The aim of this study was to investigate whether the maximum standardized uptake value (SUVmax) measured on fluorine-18 fluorodeoxyglucose positron emission tomography/computed tomography (18F-FDG PET/CT) could be used as the primary means of differential diagnosis of thyroid nodules when tumor volume is assessed.

Methods

We studied 192 patients who underwent preoperative 18F-FDG PET/CT followed by thyroidectomy. We evaluated the correlation between the volume of thyroid nodules, 18F-FDG uptake on visual analysis, and the mean SUVmax measured on 18F-FDG PET/CT.

Results

When stratified by tumor volume, the mean SUVmax was higher in malignant than in benign nodules in nodules ≥1 cm3 (p < 0.001). However, it did not differ between benign and malignant nodules smaller than 1 cm3. At a cut-off value of SUVmax of 6, the respective sensitivities of 18F-FDG PET/CT, ultrasonography, and fine needle aspiration cytology were 60.8, 96.4, and 99.1 %, and the respective specificities were 95.9, 98.2, and 96.8 %.

Conclusions

18F-FDG PET/CT is limited as a primary modality in the differential diagnosis of benign and malignant thyroid nodules because of its low sensitivity.

Background

Unlike normal tissue, malignant tumors are characterized by increased glycolysis, which leads to elevated glucose uptake. Fluorine-18 fluorodeoxyglucose positron emission tomography/computed tomography (18F-FDG PET/CT) makes use of this to aid the diagnosis and staging of various human malignancies.

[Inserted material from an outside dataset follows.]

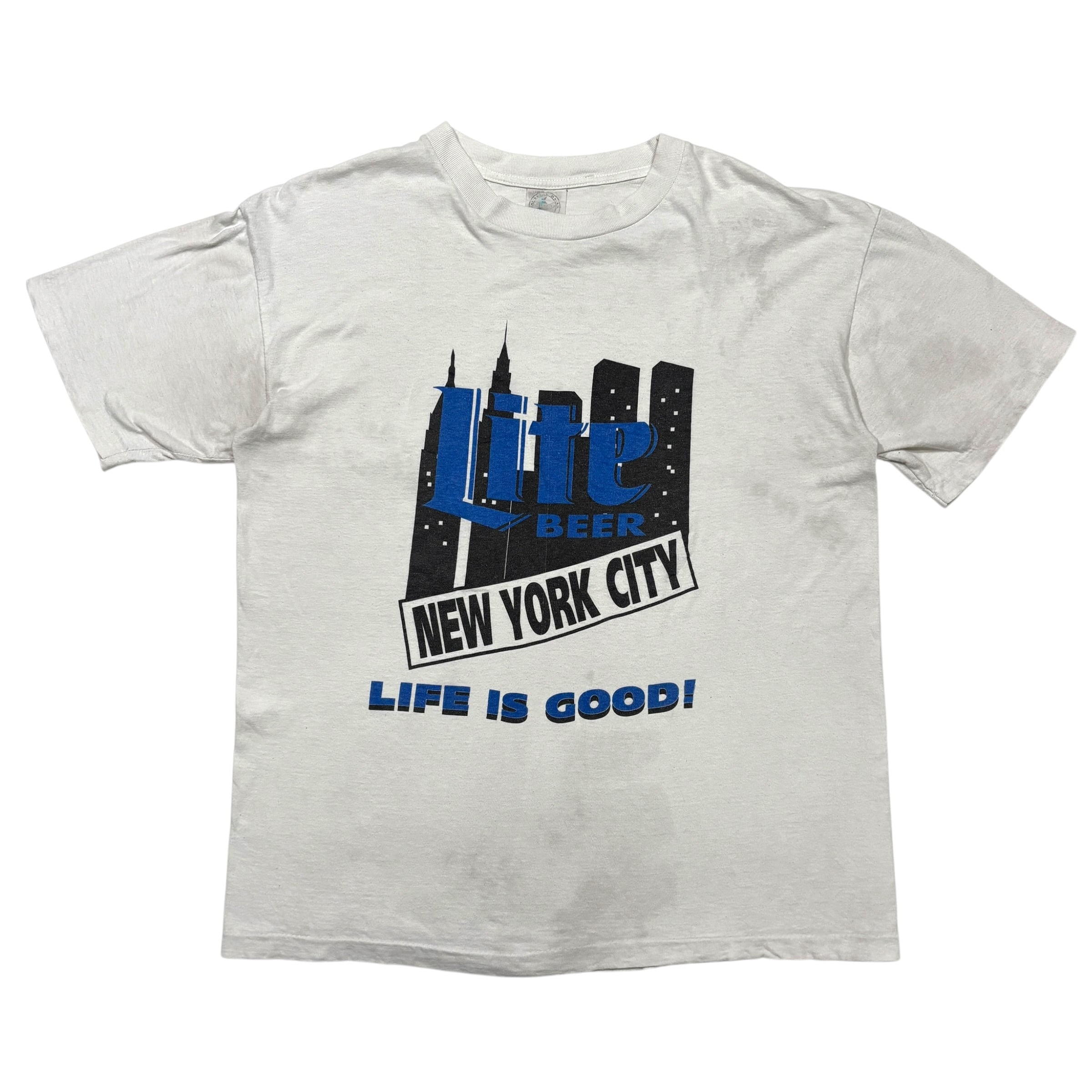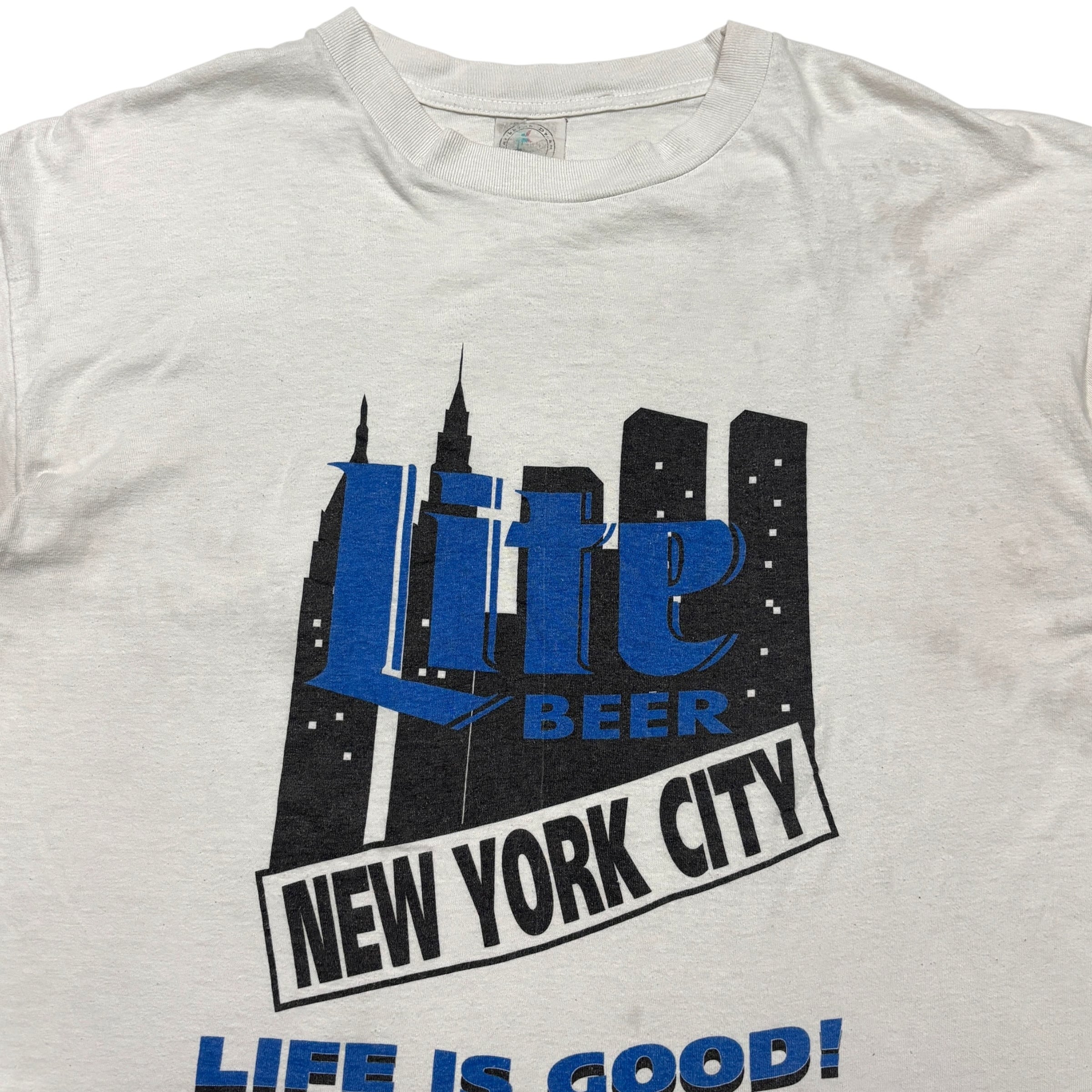 フロントはニューヨークのスカイラインを背景にしたグラフィックに、“Lite Beer”ロゴと“NEW YORK CITY”。都市モチーフとビールロゴをそのまま合わせた、アメリカっぽい直球のデザイン。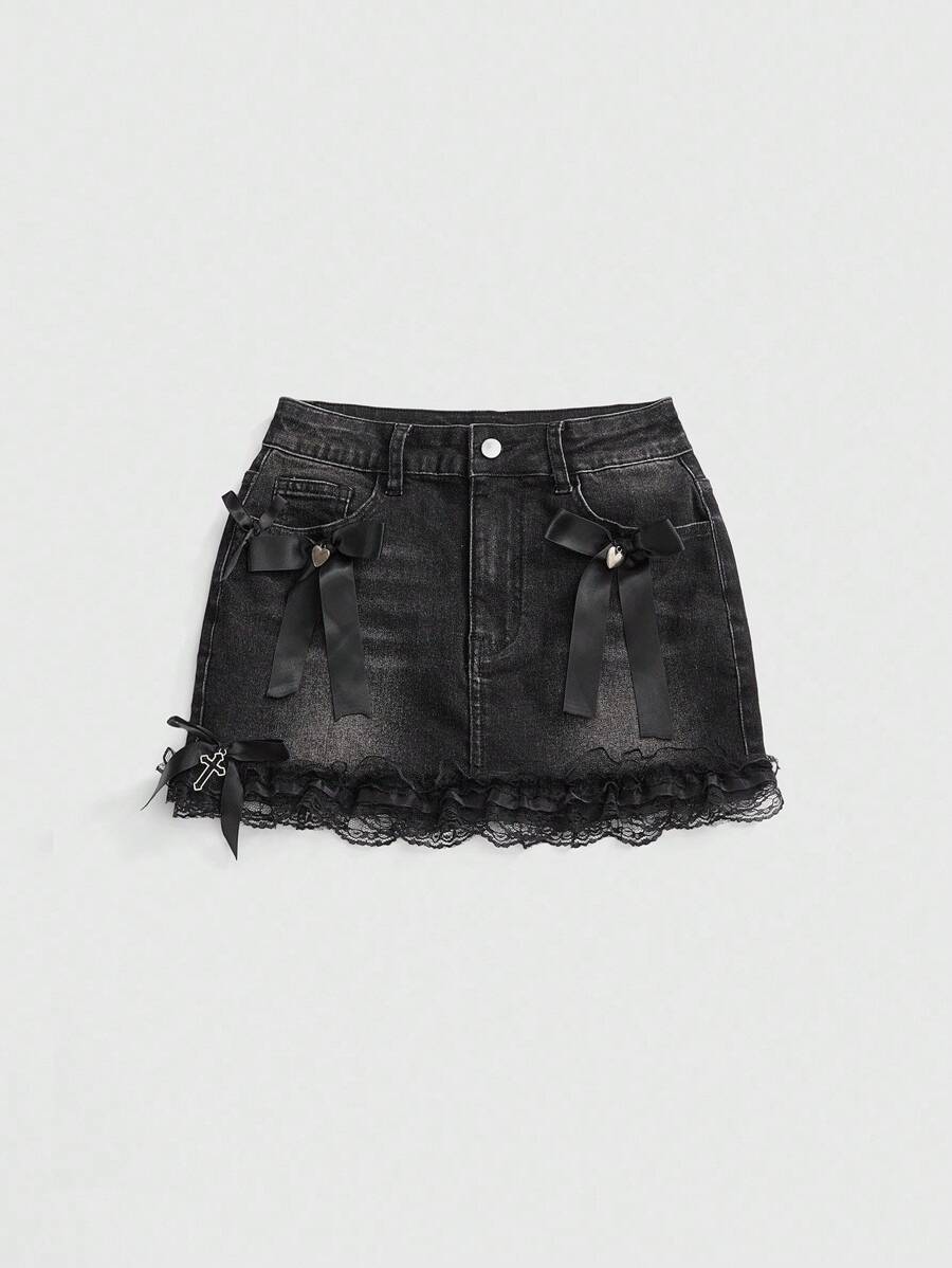 Grunge Punk Minifalda de mezclilla ajustado con lazo de encaje estilo lindo y kawaii para mujeres

In recent years, 18F-FDG PET/CT has become widely used to diagnose thyroid cancer; it is especially useful in identifying sites of recurrence in patients with elevated serum thyroglobulin and negative whole body radioactive iodine scans after thyroidectomy for differentiated thyroid carcinoma [13]. 18F-FDG PET/CT also has potential advantages in the detection of distant metastasis or synchronous secondary tumor although its cost-effectiveness is not determined. However, the role of 18F-FDG PET/CT in the differential diagnosis of benign and malignant thyroid nodules is not yet well-established in clinical practice because some benign thyroid nodules show high 18F-FDG uptake, while some malignant nodules are not visualized at all. Consequently, there is a paucity of data regarding the role of 18F-FDG PET/CT in the differential diagnosis of thyroid nodules; the few studies that exist were conducted in small series of patients [46] or in patients whose nodules were identified incidentally during routine health checks [79]. In addition, while these studies estimated the mean maximum standardized uptake value (SUVmax) of 18F-FDG, they failed to consider the effect of nodule size. Other studies have enrolled patients with metastatic thyroid cancer or those with diffuse thyroid uptake of 18F-FDG.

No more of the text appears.